* [Work task]
Every line below from the one containing "TE 产品编号859527-1 LGH RECEPT., FLANGED, H.V." through the one containing "Gaur arratsaldean erabakiko" is to be printed exactly, with the pictures omitted.

* [Material provided]
╔══

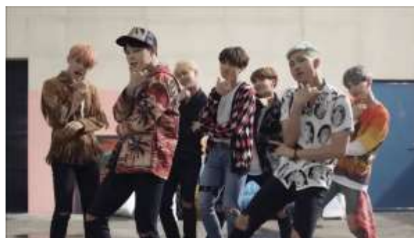
ภาพที่ 4.7 เครื่องแต่งกายในบทเพลง Fire – BTS

ซึ่งการแต่งกายถือว่าเป็นอีกองค์ประกอบหลักหนึ่งที่สำคัญ ในการแสดงออกของศิลปินผ่านบทเพลง นอกเหนือจากเพลงและทำเต็น การแต่งกายก็ถือว่าสำคัญมากที่แสดงออกได้ถึง บุคลิกของศิลปินในบทเพลงนั้นๆ ซึ่งบทเพลงนี้ แสดงถึงความคึกคะนอง บ้าระห่ำ ลูกเป็นไฟแต่ซ่อนความขี้เล่นไว้ การแต่งกายจึงมีความเท่ ที่บ่งบอกถึงความเป็นเพศชาย และเสื้อผ้าที่มีสีสันทันทีมีสดผสมกับสีดำและมีลวดลายที่แตกต่างกันออกไป เพื่อแสดงถึงความวุ่นวาย ร้อนรน และคึกคะนอง
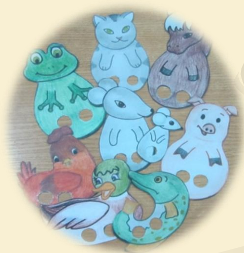
Пальчиковый театр «Сказка о глупом мышонке»
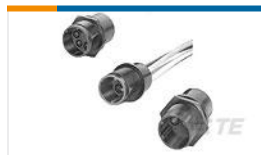
TE 产品编号859527-1 LGH RECEPT., FLANGED, H.V.
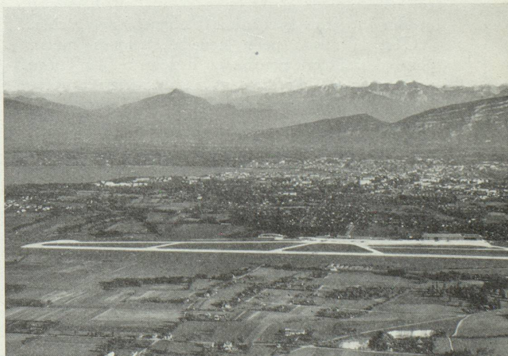
L'aéroport de Genève-Cointrin.

Mais ce n'est pas seulement par la présence de ses avions à l'étranger que la Swissair œuvre en faveur de la Suisse. Par l'hospitalité qu'elle offre à ses passagers, par la qualité de son service à bord et l'excellence de ses repas, elle est une réclame... volante pour l'industrie hôtelière suisse. Par sa ponctualité, elle rappelle que la Suisse est le pays de la bonne horlogerie
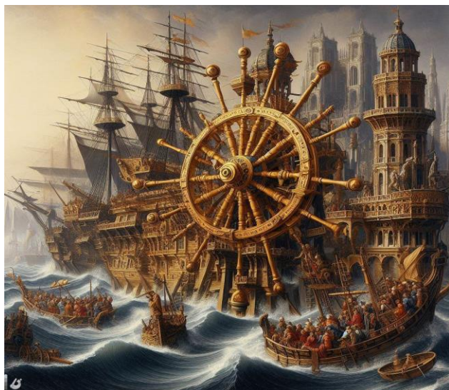
The main driving force of the great navigations in the 15th century - Generated with AI. 2023.

Tendo em vista as Grandes Navegações do século XV, qual o seu principal motor?
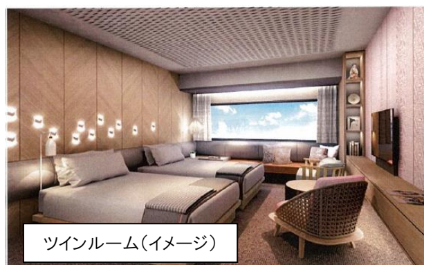
ツインルーム(イメージ)
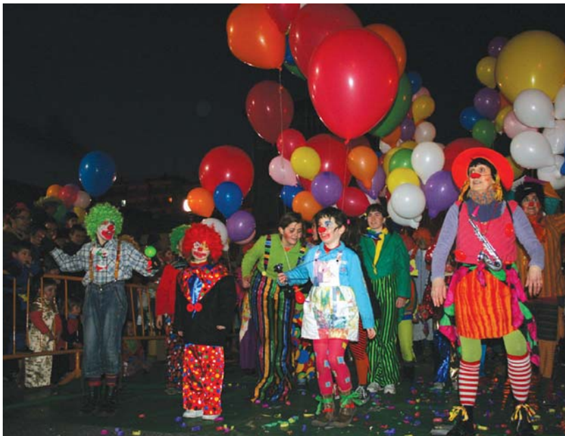
Gaur arratsaldean erabakiko da aurtengo inauterietan Ttakunekok jantziko duten mozorroaren gaia. Iaz zirkoa izan zen.
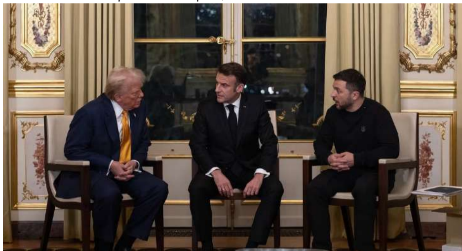
Зустріч трьох президентів в столиці Франції: обраного президента США Дональда Трампа, президента Франції Еммануеля Макрона і президента України Володимир Зеленського.

Відкриття Собору Нотр-Дам де Парі після масштабної рестав-

╚══

* [The completed task]
TE 产品编号859527-1 LGH RECEPT., FLANGED, H.V.
L'aéroport de Genève-Cointrin.

Mais ce n'est pas seulement par la présence de ses avions à l'étranger que la Swissair œuvre en faveur de la Suisse. Par l'hospitalité qu'elle offre à ses passagers, par la qualité de son service à bord et l'excellence de ses repas, elle est une réclame... volante pour l'industrie hôtelière suisse. Par sa ponctualité, elle rappelle que la Suisse est le pays de la bonne horlogerie
The main driving force of the great navigations in the 15th century - Generated with AI. 2023.

Tendo em vista as Grandes Navegações do século XV, qual o seu principal motor?
ツインルーム(イメージ)
Gaur arratsaldean erabakiko da aurtengo inauterietan Ttakunekok jantziko duten mozorroaren gaia. Iaz zirkoa izan zen.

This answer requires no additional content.